Four alternative algorithms are used for comparison. To simulate a control, a Dummy model predicts the mean of the training set (regression) or randomly selects a label in proportion to the distribution of the training set (classification). As a second baseline representing commonly used methods, we employ a Random Forest27 model (RF) using Magpie elemental statistics28 and Sine Coulomb Matrix29 (if structures are present in the dataset) to predict each property. Finally, for tasks containing relaxed structures, we also test against CGCNN26 and MEGNet30, two graph-network algorithms for general-purpose property prediction. It must be emphasized that a goal of Matbench is to minimize arbitrary biases when comparing models. Therefore, the four alternatives and Automatminer all underwent identical error estimation procedures (NCV on identical folds) for each task.

For some Matbench tasks, we were able to find published scores of researcher-optimized machine learning models, which we label as the Best Literature score. However, it should be noted that although these studies report the same error metric (MAE) using similar datasets, the scores do not use identical datasets (e.g., using different data filtering algorithms to remove erroneous or unreliable data points) or the same error estimation procedure (e.g., they do not use nested cross validation and may use different proportions of train and test). Therefore, these scores cannot be directly compared to the algorithms listed above.

All models outperform Dummy on all tasks: the Dummy comparison exhibits errors between 68 and 299% higher than the best model for any task. We next examine which algorithms perform best, with best taken to include scores within 1% of the best NCV score (we find the standard deviation between folds for the same model is typically between 0.5 and 5%). The Automatminer Express preset has a best NCV score (lowest mean average error, MAE or highest receiver operating characteristic area under curve, ROC-AUC) on 8 of 13 tasks. In particular, Automatminer equals or outperforms the RF pipeline on all tasks except predicting formation energies across the Materials Project. Among the nine structure tasks only, Automatminer and MEGNet both have best scores on four tasks each. CGCNN is the highest performer only for the Materials Project band gap regression task; yet, across the six tasks with more than \(10^4\) samples, the MEGNet and CGCNN scores are generally quite close.

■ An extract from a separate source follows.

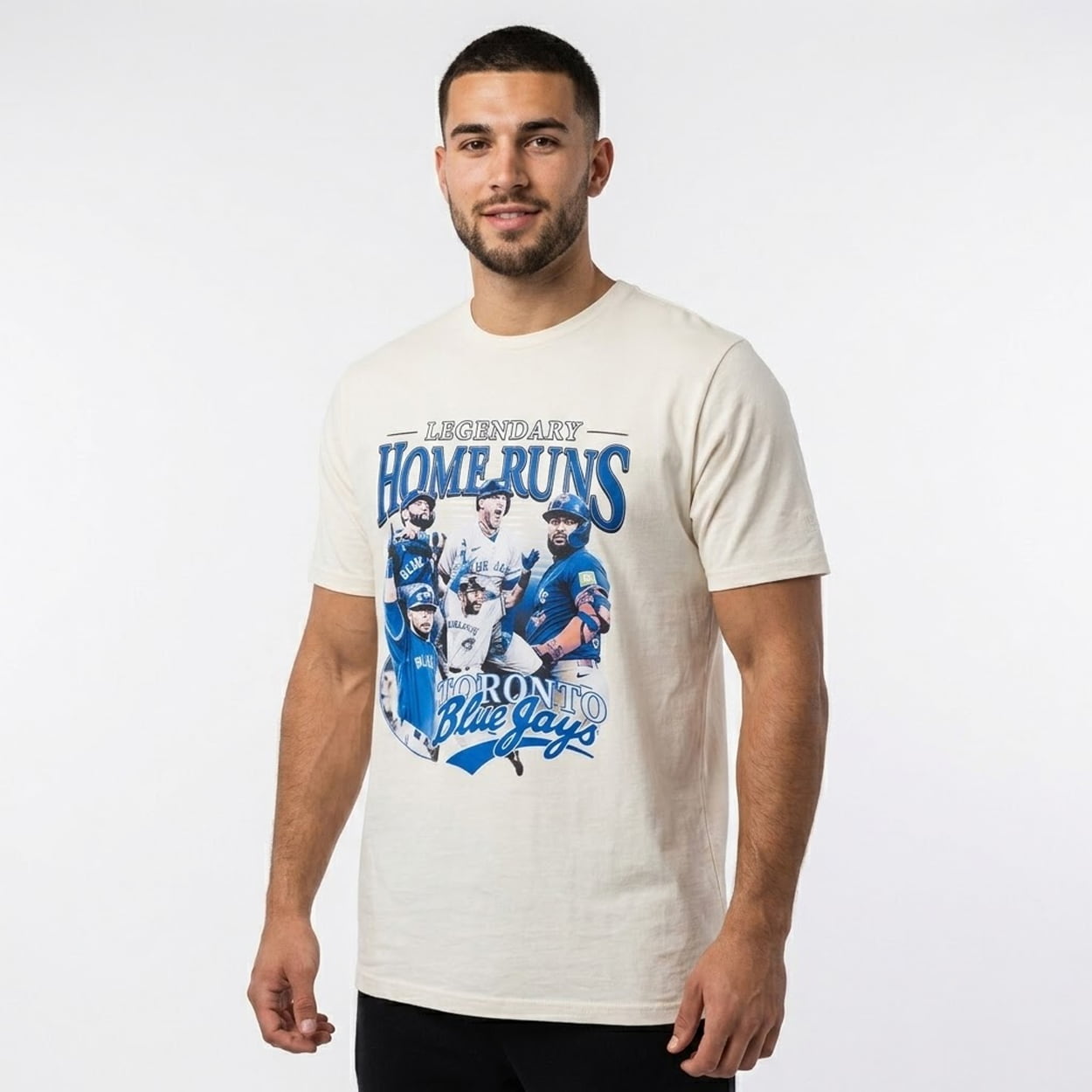 This t-shirt features a dynamic, vintage-inspired graphic that immediately catches the eye. The front proudly displays the bold “LEGENDARY HOME RUNS” typography above a striking action collage of iconic players celebrating their most unforgettable hits. It is perfectly finished with the classic Toronto team script at the bottom, blending athletic excitement with premium streetwear style.

Notably, we also find Automatminer has similar errors to scores taken from literature. Although these results are taken directly from published reports which use similar—but not identical—datasets and a variety of non-NCV error procedures, it is notable that Automatminer can automatically generate models of roughly similar quality to tediously hand-optimized models. This suggests that similar results as those obtained in the literature can be obtained from a fully automated ML pipeline that requires no researcher tuning or intuition.

Next, we examine how the performance of the various machine learning algorithms varies with the size of the training dataset without regard to the specific task. To do this, we normalize the errors on the various tasks by dividing the mean average error (MAE) by the mean average deviation (MAD) in the dataset. With this normalization, a model that always predicts the average of the dataset will have an error of exactly 1.0. Using least-squares linear regression, we find noticeable inverse trends in the MAE/MAD relative error (Fig. 4) with respect to the log of dataset size. Interestingly, irrespective of the target property, the rates of improvement with increasing dataset size (slope of the lines) are vastly different between algorithms. In Fig. 4a, we plot the trend for structure-based regression tasks only. The graph-network models CGCNN and MEGNet have relatively high errors on tasks with small datasets but improve rapidly as the task’s dataset size increases. In contrast, the descriptor-based Automatminer and RF models have lower errors on small datasets, but their rates of improvement are far shallower, and they lose their small data advantage as the data size passes \(10^4\) samples. Both graph neural network approaches have similarly high rates of improvement, which may indicate that the underlying ML algorithms are able to leverage information from large datasets more efficiently than traditional ML (RF) or AutoML. This finding corroborates Schmidt et al.’s prediction16 that universal graph neural networks26,30 will dominate the state-of-the-art on large (>105 samples) materials datasets.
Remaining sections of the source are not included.